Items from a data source
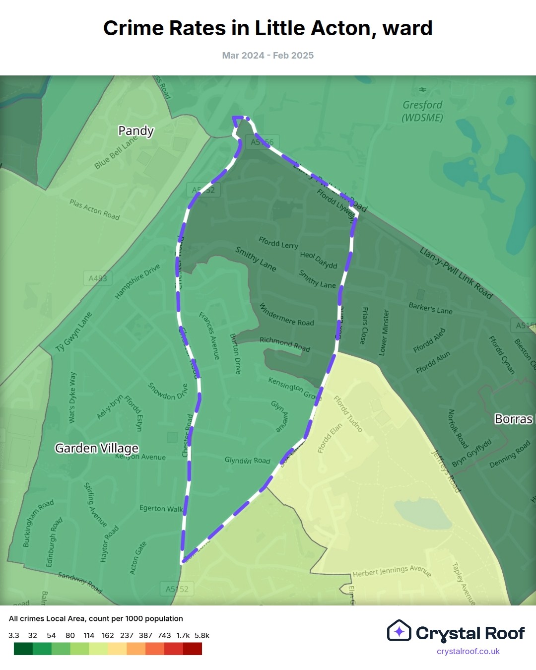Little Acton (ward) is located within Wrexham (borough). Annual total crime rate in Wrexham (borough) is 105 crimes per thousand resident population, which can be rated as 5 out of 10 or medium crime level compared to other local authority districts in England and Wales.
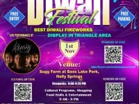 Diwali is India's most important festival of the year. It's celebrated in October or November. The "Festival of Lights" celebrates the triumph of light over darkness. Some components of Diwali celebrations are food, colored sand, special candles and lamps, music, dancing, and fireworks. There are several Diwali celebrations in the Triangle -- including in Cary, Wake Forest, Raleigh and … [Read more...] about 6 Diwali Celebrations in the Triangle in 2025
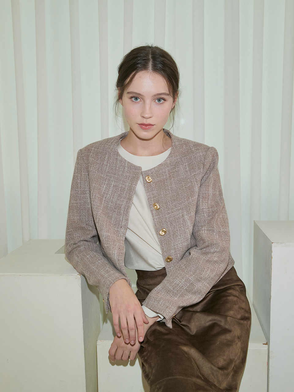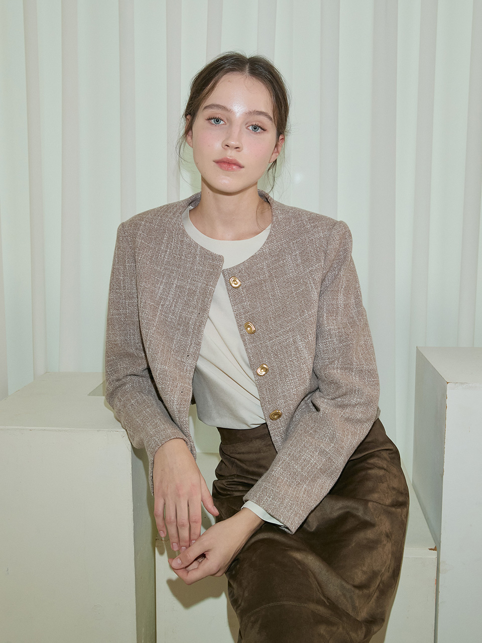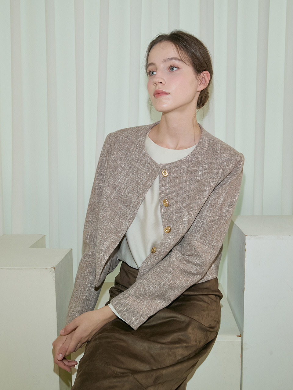 Amble Round Crop Jacket _ Beige
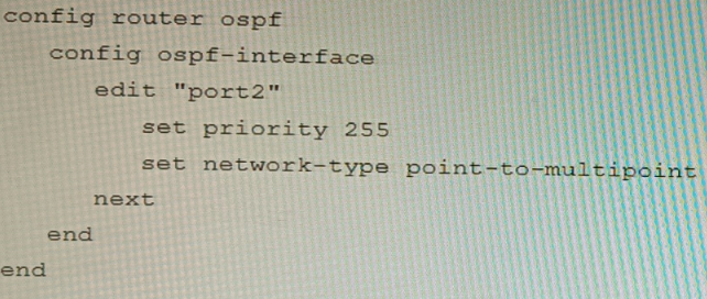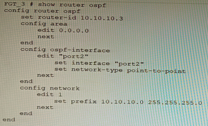 You are operating an internal network with multiple OSPF routers on the same LAN segment. FGT_3 needs to be added to the OSPF network and has the configuration shown in the exhibit. FGT_3 is not establishing any OSPF connection.
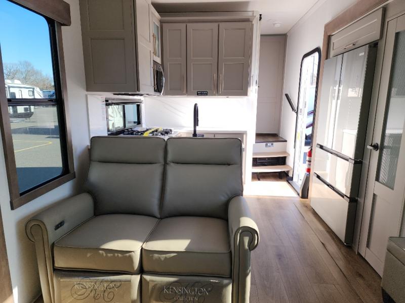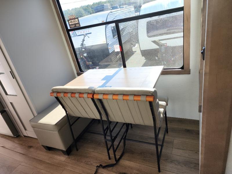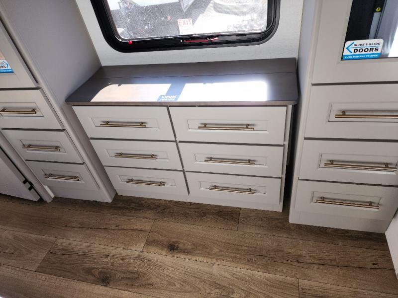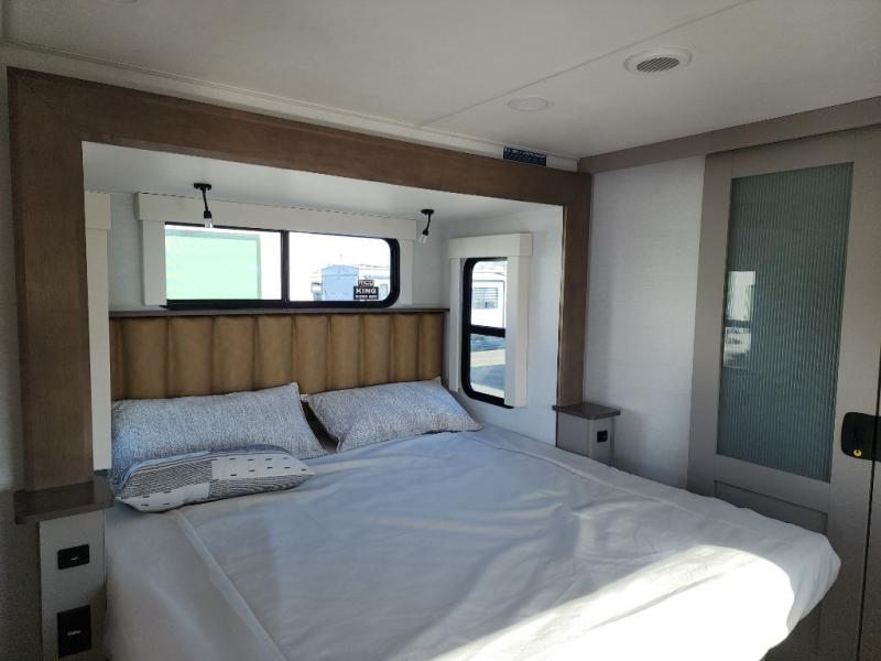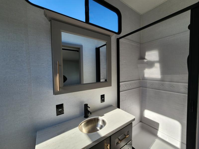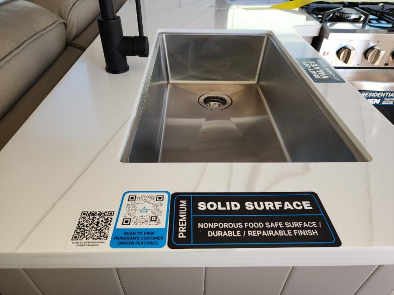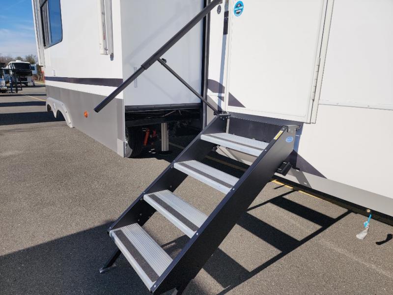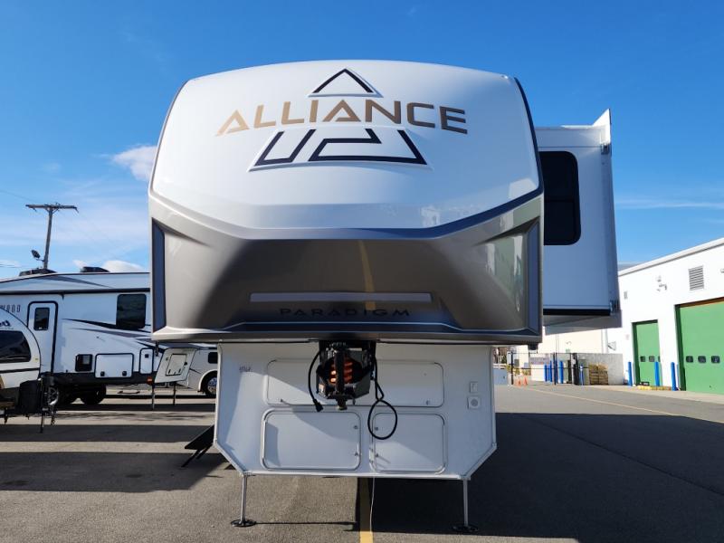 The Paradigm fifth wheels by Alliance RV are functional, high-quality, and luxurious for an unforgettable camping experience. There are three A/C units and a 40K BTU furnace to keep you comfortable year around, and you'll appreciate additional convenient amenities, like the all-in-one enclosed/heated utility center and the color coded and numbered wiring. A Rota-Flex pin box comes standard for hassle-free towing, along with Super-G 4,400 lb. rated tires and Dexter 7,000 lb. axles. You'll love the kitchen with its LG solid surface countertops and Insignia range, plus there is LED motion lighting in the pantry and a Maxx fan with a rain sensor to keep everything fresh when making dinner. Each model also includes an HD Smart TV in the living room and bedroom, plus a Winegard Air 360 antenna to keep you connected to the outside world. And of course there are a variety of options you can choose from to further customize your fifth wheel; dual pane windows, Super Solar Plus, slide out awning toppers, and generator prep or a generator to name a few!
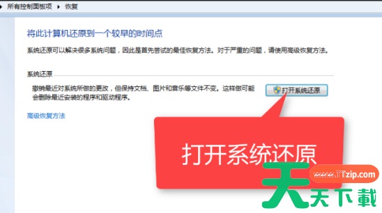 3、在新窗口中点击打开系统还原按钮。
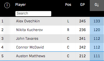 From the moment Matthews scored four goals in his first NHL game back on Oct. 12, 2016, in Ottawa, we knew he would be something special. He went on to score 40 goals in that rookie season; however, he has dealt with injuries in each of the last two seasons, missing 34 games in the process. He’s been as productive as ever, as his 111 goals since his NHL debut ranks fifth in the league despite playing far fewer games than his peers. To emphasize the potency of the Maple Leafs’ top two centers, it makes sense to consider who No. 3 on this list is as well.
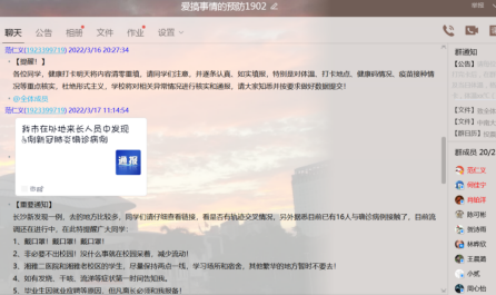 l 在班级群中发布相关防疫信息,及时向所有班级同学同步学校的防疫工作,整个学校上下一盘棋。
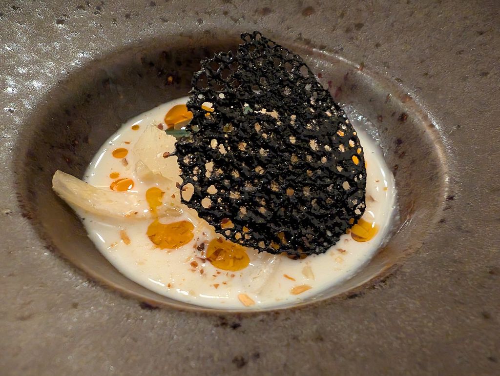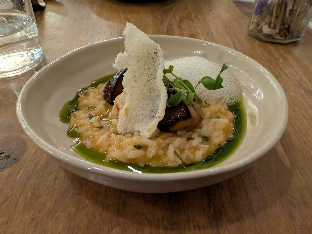 'Sea' rice with cilantro oil, mushrooms, and foam
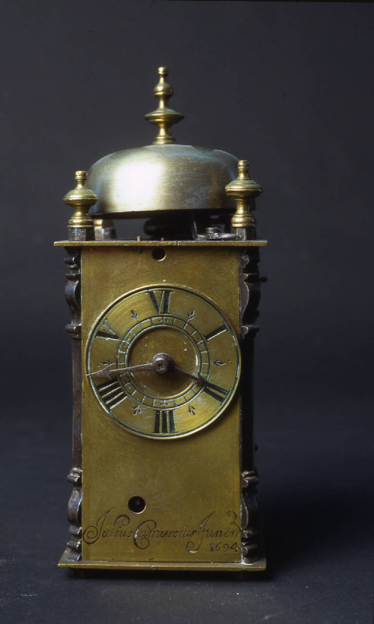 Cassa in ottone con montanti in ferro disposti diagonalmente e con modanature sopra e sotto. Sportelli in ottone liscio per l'ispezione del movimento.\nQuadrante in 6, quadrantino posteriore per il controllo della suoneria.\nMovimento a due treni contrapposti. Treno del tempo con conoide a budello. Scappamento a verga con pendolino sul retro, originariamente "a coda di vacca", davanti alla mostra. Treno della suoneria con bariletto fisso.
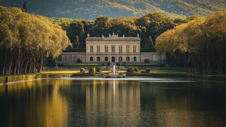 The charming historic mansion features intricate architecture and beautiful landscaping, peacefully mirrored in the calm waters of the nearby lake during the golden hour.

» PROBLEM TO SOLVE: In the entries above, find the line that contains "The Paradigm fifth" and the line that contains "3、在新窗口中点击打开系统还原按钮。". Reproduce exactly those two lines and every line between them, but not the pictures.

» TASK SOLUTION:
 The Paradigm fifth wheels by Alliance RV are functional, high-quality, and luxurious for an unforgettable camping experience. There are three A/C units and a 40K BTU furnace to keep you comfortable year around, and you'll appreciate additional convenient amenities, like the all-in-one enclosed/heated utility center and the color coded and numbered wiring. A Rota-Flex pin box comes standard for hassle-free towing, along with Super-G 4,400 lb. rated tires and Dexter 7,000 lb. axles. You'll love the kitchen with its LG solid surface countertops and Insignia range, plus there is LED motion lighting in the pantry and a Maxx fan with a rain sensor to keep everything fresh when making dinner. Each model also includes an HD Smart TV in the living room and bedroom, plus a Winegard Air 360 antenna to keep you connected to the outside world. And of course there are a variety of options you can choose from to further customize your fifth wheel; dual pane windows, Super Solar Plus, slide out awning toppers, and generator prep or a generator to name a few!
 3、在新窗口中点击打开系统还原按钮。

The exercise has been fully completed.